A 6000-year-old skull found in Papua New Guinea is the earliest record of a human killed in a tsunami, according to new research published this week.
Image: Arthur Durband
Back in 1929, Australian geologist Paul Hossfeld uncovered a partial human skull outside the coastal town of Aitape in Papua New Guinea. An international team of scientists recently returned to the site in an effort to find out what might have killed this individual.
Their analysis, which now appears in PLOS One, shows that the skull was buried in sediments bearing the distinctive characteristics of an ancient tsunami. "[We] conclude that the skull was laid down in a tsunami deposit and as such may represent the oldest known tsunami victim in the world," write the researchers in the study.
The partial skull is only one of a few early skeletal remains uncovered in the area, and it was originally thought to belong to an archaic human species known as Homo erectus. More reliable carbon dating placed it to between 5000 and 6000 years old, which means it most certainly belonged to a modern human.
In 2014, a team led by James Goff, an anthropologist from the University of New South Wales and first author of the new study, returned to the spot, Paniri Creek, where the skull was originally found in hopes of finding new evidence. Ninety years ago, Hossfeld didn't bother to record any local evidence, such as taking soil samples or analysing the stratigraphic layers, and instead wrote a field description that, at the very least, included information about where the skull fragment was unearthed.
"What we were doing was actually going in and sampling the sediments to bring back for lab analysis that would tell us a lot more about the age and depositional history there," said co-author Mark Golitko, an assistant professor of anthropology at the University of Notre Dame, in a statement. "We were able to use modern scientific techniques to understand a little more about how this place formed and what we were actually looking at."
The researchers conducted a chemical analysis of the dirt and sediment found in-and-around the site, while also measuring the size of the grains. Importantly, they also discovered the presence of preserved diatoms -- small, single-celled aquatic creatures that can be used to paint a picture of what water conditions were like at the time.
When diatoms die, they form a tiny shell around them and then sink to the bottom. Goff's team put the sediment under a microscope and counted the diatoms, which allowed them to determine the temperature, salinity, and energy of the water when they died.
"These sediments that the Aitape skull was in have pure marine diatoms in them, which is ocean water that's inundating it," explained Golitko. "It's really high-energy ocean water -- high-energy enough for these little tiny specks of silica that the diatoms build to be broken as they're washing in."
These three things combined -- the high-energy water, the chemical signatures, and the grain sizes of the sediment -- strongly suggest the presence of a tsunami at the time the skull was buried.
"We have now been able to confirm what we have long suspected," said Goff. "The geological similarities between the sediments at the place where the skull was found and sediments laid down during the 1998 tsunami that hit this same coastline have made us realise that human populations in this area have been affected by these massive inundations for thousands of years."
The authors say the Aitape individual was either violently killed by the ancient tsunami, or their grave was ripped apart by a tsunami, leading to their head -- but not the rest of the body -- being brought out to sea and then back to shore where it was buried among the incoming debris.

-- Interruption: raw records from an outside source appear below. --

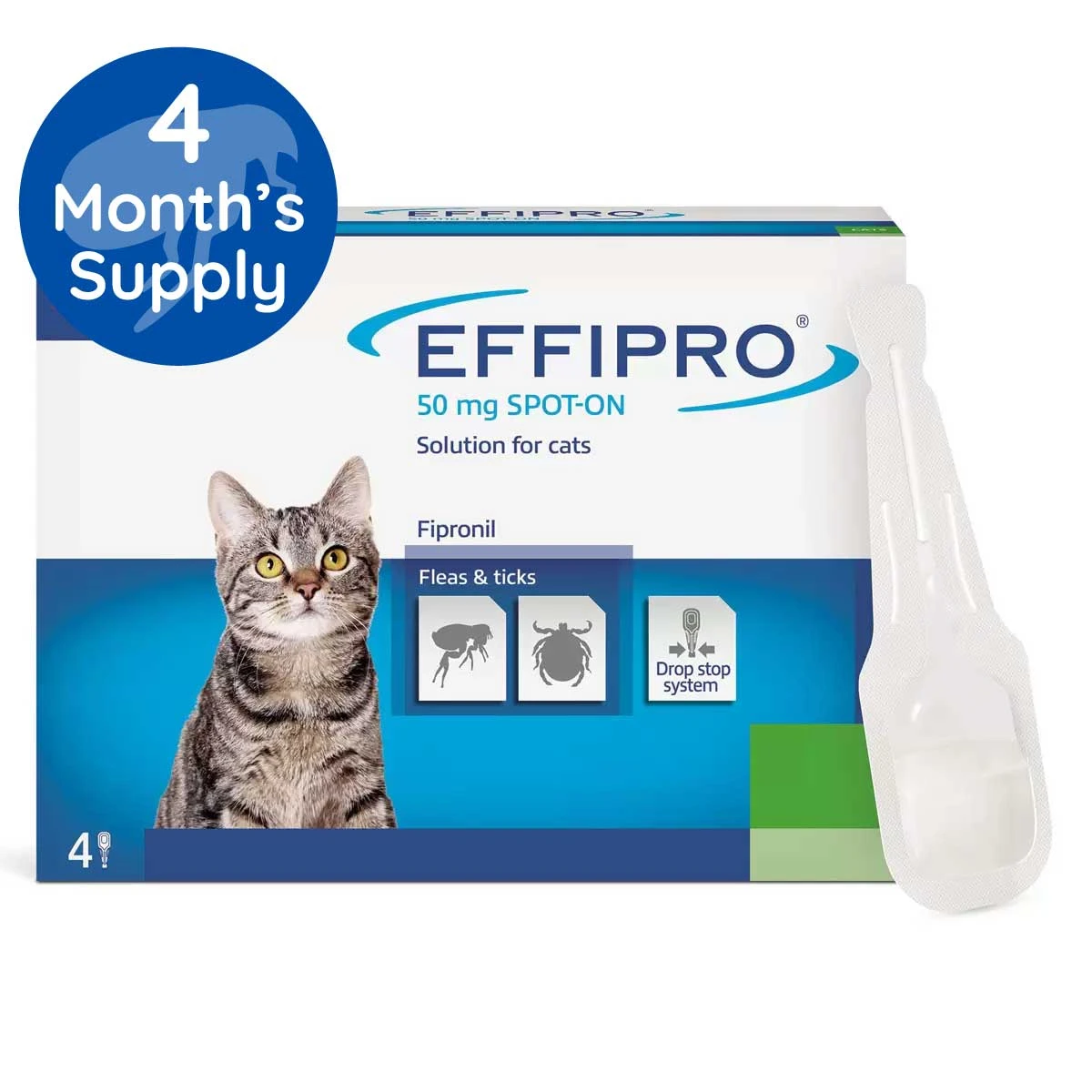 Effipro is an effective treatment and prevention of fleas and ticks on cats. It is based on new a formula containing Fipronil, an insecticide and acaricide belonging to the phenylpyrazole family.
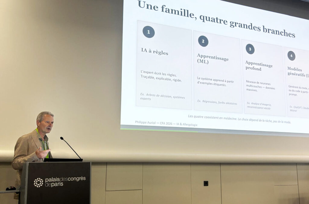 Et parce que la maladie allergique s’aggrave avec le temps, selon les allergologues, les moyens pour l’enrayer s’adaptent et s’accélèrent. L’allergologie se digitalise, les stratégies thérapeutiques se personnalise. Dans la communication du Dr Philippe Auriol, on a découvert les enjeux de l’intelligence artificielle pour améliorer les pratiques, aller plus vite et mieux avec des informations fiables. Il nous a parlé d’iAtchoum, Cette Intelligence artificielle encapsulée dans le moteur de recherche du site www.allergique.org donne trois niveaux d’information : connaissance généraliste, regard d’expert en allergologie moléculaire, et listes d’articles à fouiller pour aller plus loin.
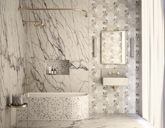 Artistic Tile Bianco Carrara Marble Mosaic Broken Joint 3.0cm Polished

But this "grave" theory, say the researchers, isn't likely.
Despite this ancient tsunami, people continued to live along this part of the Papua New Guinea coast. Looking ahead, the researchers would like to learn more about how people lived in the area at the time and in the periods following this natural disaster to see how they might have responded to these risks. As the researchers conclude in their study:
[Tsunamis] may have contributed to a much more dynamic world of community and individual mobility and an increasing reliance on risk-mitigation strategies including the fostering and maintenance of wider-ranging social ties ... [playing] a significant role in the spread of materials and new ideas and practices throughout the [southwest] Pacific as documented in the mid-Holocene archaeological record.
So as destructive as tsunamis have been (and continue to be), these recurring natural disasters may have actually brought communities together, pushing human development forward. In this case, it was one step back, two steps forward.